The aim of this study was to compare the effects of physical therapy agents (PTA) and two different intra-articular hyaluronan drugs (sodium hyaluronate (NaHA) and hylan G-F 20) on knee osteoarthritis (OA). The randomised, single-blind study, with 12 months of follow-up, was performed on 80 patients diagnosed as knee OA. The patients were randomly divided into two treatment groups: patients in group 1 were given weekly intra-articular hyaluronan treatment which consisted of either hylan G-F 20 or NaHA during the first 3 weeks and in the sixth month; PTA was applied to each patient in group 2 five times a week for 3 weeks with a series of infrared, short-wave diathermy-pulsed patterns and interferential therapy. Clinical assessments for each patient were made at 1, 3, 6, 9 and 12 months using the following measures: spontaneous pain, pain at rest, pain at night, pain on touch, pain on movement, 15 m walking time, range of motion, short form 36 (SF-36), Western Ontario and McMaster University Osteoarthritis Index (WOMAC) global assessment.

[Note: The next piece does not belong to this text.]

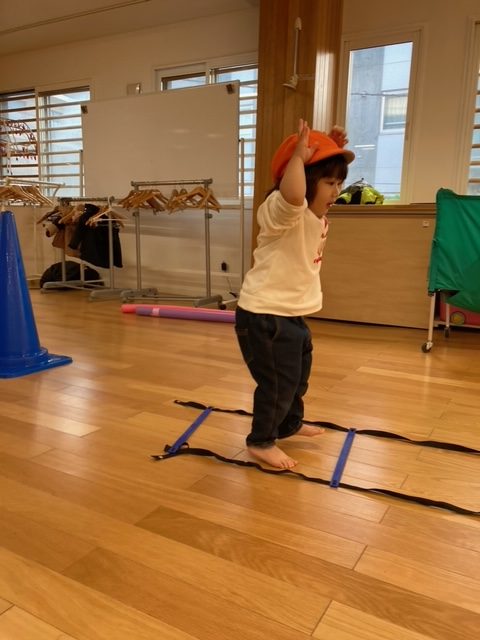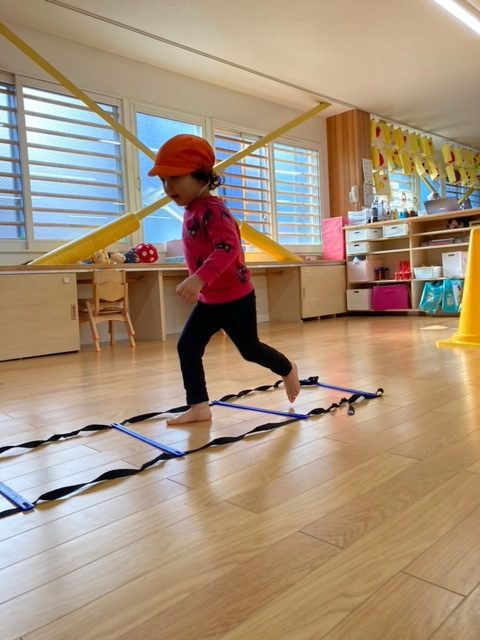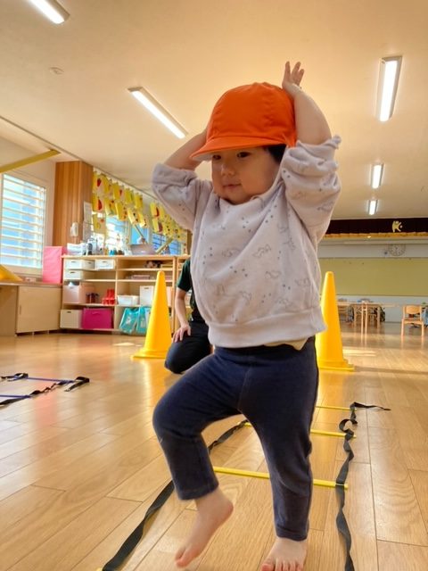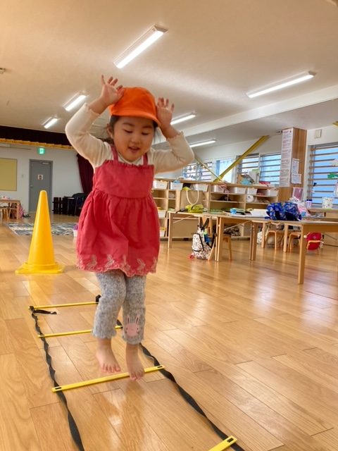 カラーコーンにタッチをして、スタート&ゴールに走って戻ってくる運動からはじめ、ラダーを使って走ったり、うさぎ跳びで、カラー線を踏まないように跳んだりと、先生の笛の合図に合わせて元気よく行いました。
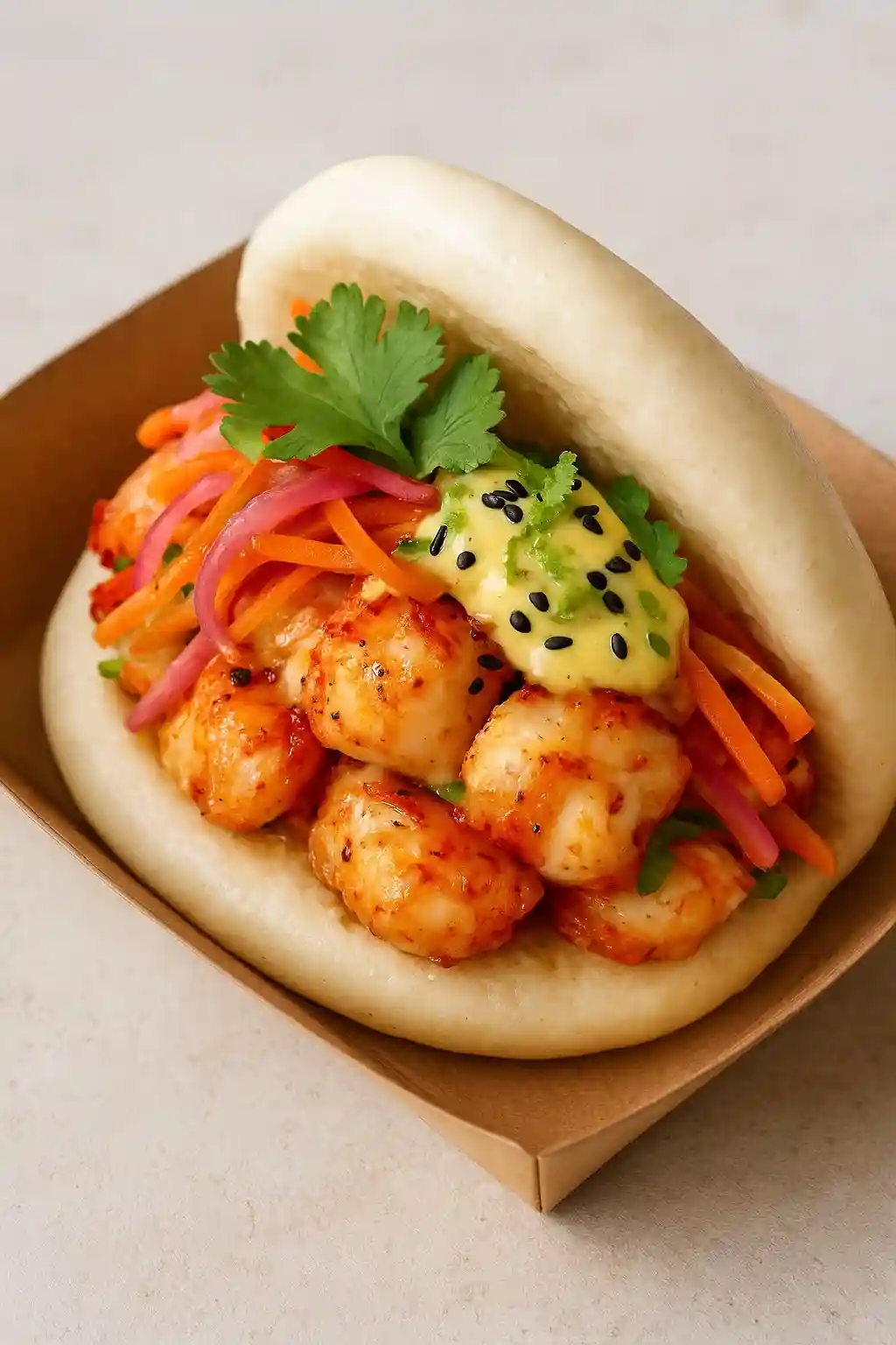 Braised pork, Shiso Sauce, Hoisin Peanuts, Pickled onions.

There was significant improvement in all variables measured in both groups during the follow-up except the WOMAC-stiffness and range of the motion. The improvement of pain (at night, at rest, SF-36) and SF-36 social functioning subscales was greater in the PTA group. Consequently, in the subgroup analyses, there was no difference between PTA and hylan groups for this improvement. In the comparison of two drugs, the reduction of pain on touch and WOMAC-function was greater in hylan group than that of NaHA. No serious local or systemic effects were observed following injections. Although all patients had improvement, PTA was superior to hyaluronan group for no activity-related pain and functional performance. On the other hand, this study supports the preferential use of hylan over NaHA in patients with knee OA.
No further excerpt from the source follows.